Fredriksson Alma, Fulcher Isabel R, Russell Allyson L, Li Tracey, Tsai Yi-Ting, Seif Samira S, Mpembeni Rose N, Hedt-Gauthier Bethany
Department of Biostatistics, Harvard T.H. Chan School of Public Health, Boston, MA, United States.
Department of Global Health and Social Medicine, Harvard Medical School, Boston, MA, United States.
Front Digit Health. 2022 Aug 17;4:855236. doi: 10.3389/fdgth.2022.855236. eCollection 2022.
Maternal and neonatal health outcomes in low- and middle-income countries (LMICs) have improved over the last two decades. However, many pregnant women still deliver at home, which increases the health risks for both the mother and the child. Community health worker programs have been broadly employed in LMICs to connect women to antenatal care and delivery locations. More recently, employment of digital tools in maternal health programs have resulted in better care delivery and served as a routine mode of data collection. Despite the availability of rich, patient-level data within these digital tools, there has been limited utilization of this type of data to inform program delivery in LMICs.

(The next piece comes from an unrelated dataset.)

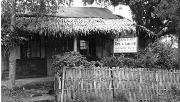
Fig.4: Residence converted to restaurant, Source: Bikram Aditya Nath

Due to the inflow of a large number of tourists to this settlement, most of the residences have converted the whole or at least part of their house to a restaurant or guesthouse.
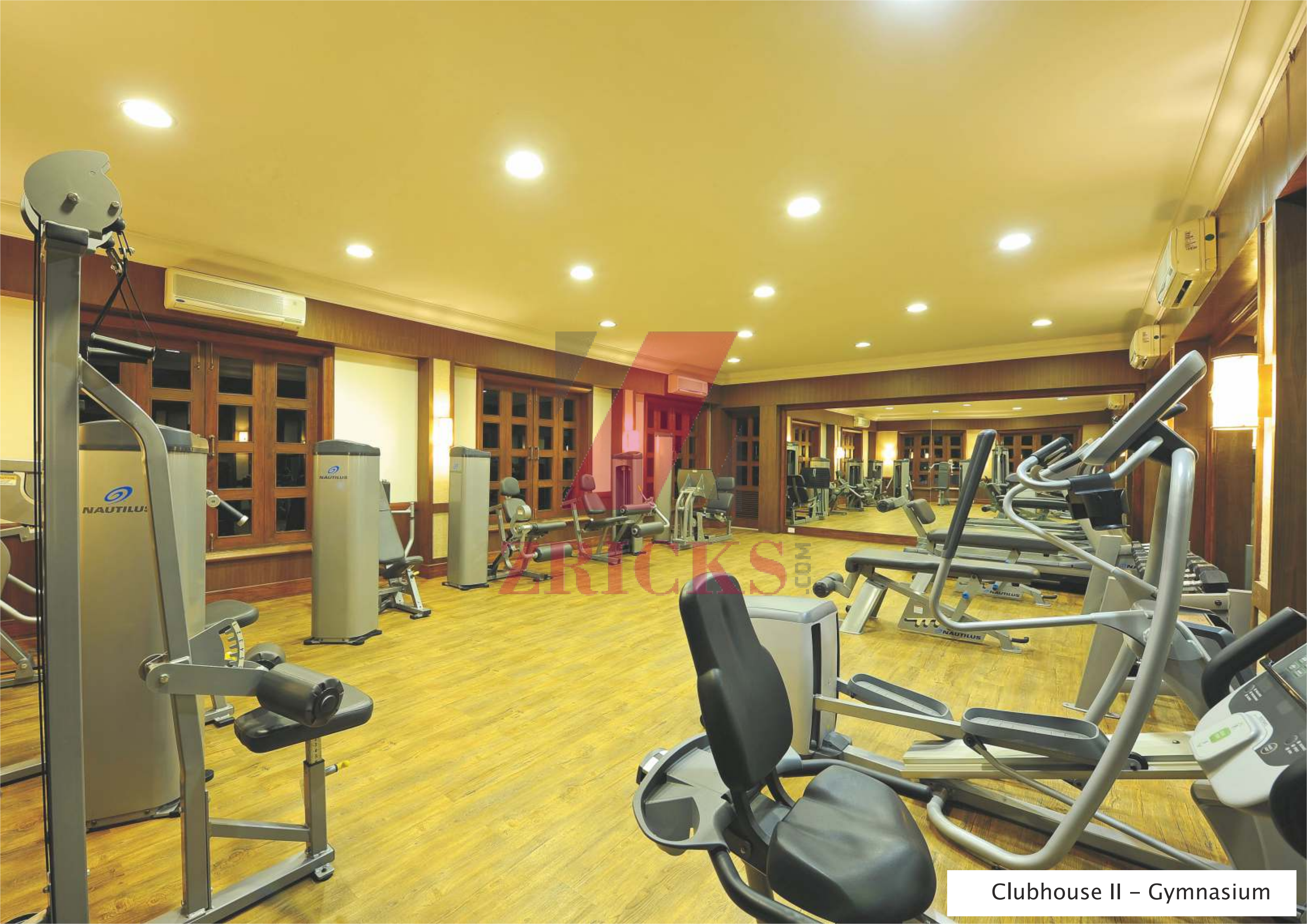
Clubhouse II – Gymnasium

We use program data from 38,787 women enrolled in Safer Deliveries a community health worker program in Zanzibar, to build a generalizable prediction model that accurately predicts whether a newly enrolled pregnant woman will deliver in a health facility. We use information collected during the enrollment visit, including demographic data, health characteristics and current pregnancy information. We apply four machine learning methods: logistic regression, LASSO regularized logistic regression, random forest and an artificial neural network; and three sampling techniques to address the imbalanced data: undersampling of facility deliveries, oversampling of home deliveries and addition of synthetic home deliveries using SMOTE.
Our models correctly predicted the delivery location for 68%-77% of the women in the test set, with slightly higher accuracy when predicting facility delivery versus home delivery. A random forest model with a balanced training set created using undersampling of existing facility deliveries accurately identified 74.4% of women delivering at home.
This model can provide a "real-time" prediction of the delivery location for new maternal health program enrollees and may enable early provision of extra support for individuals at risk of not delivering in a health facility, which has potential to improve health outcomes for both mothers and their newborns. The framework presented here is applicable in other contexts and the selection of input features can easily be adapted to match data availability and other outcomes, both within and beyond maternal health.
在过去二十年中,低收入和中等收入国家(LMICs)的孕产妇和新生儿健康状况有所改善。然而,许多孕妇仍在家中分娩,这增加了母亲和孩子的健康风险。社区卫生工作者项目已在低收入和中等收入国家广泛采用,以帮助妇女获得产前护理和分娩地点。最近,在孕产妇健康项目中使用数字工具提高了护理质量,并成为常规的数据收集方式。尽管这些数字工具中存在丰富的患者层面数据,但在低收入和中等收入国家,这类数据在为项目实施提供信息方面的利用有限。
我们使用来自坦桑尼亚桑给巴尔“安全分娩”社区卫生工作者项目中38787名妇女的项目数据,构建一个可推广的预测模型,以准确预测新登记的孕妇是否会在医疗机构分娩。我们使用登记访视期间收集的信息,包括人口统计学数据、健康特征和当前妊娠信息。我们应用四种机器学习方法:逻辑回归、LASSO正则化逻辑回归、随机森林和人工神经网络;以及三种抽样技术来处理不平衡数据:医疗机构分娩的欠采样、家庭分娩的过采样以及使用SMOTE添加合成家庭分娩数据。
我们的模型正确预测了测试集中68%-77%妇女的分娩地点,预测医疗机构分娩的准确率略高于家庭分娩。通过对现有医疗机构分娩数据进行欠采样创建的平衡训练集的随机森林模型准确识别了74.4%在家分娩的妇女。
该模型可以对新参与孕产妇健康项目的人员的分娩地点进行“实时”预测,并可能为有不在医疗机构分娩风险的个人提前提供额外支持,这有可能改善母亲及其新生儿的健康状况。这里提出的框架适用于其他情况,输入特征的选择可以很容易地调整以匹配数据可用性和其他结果,无论是在孕产妇健康领域内还是之外。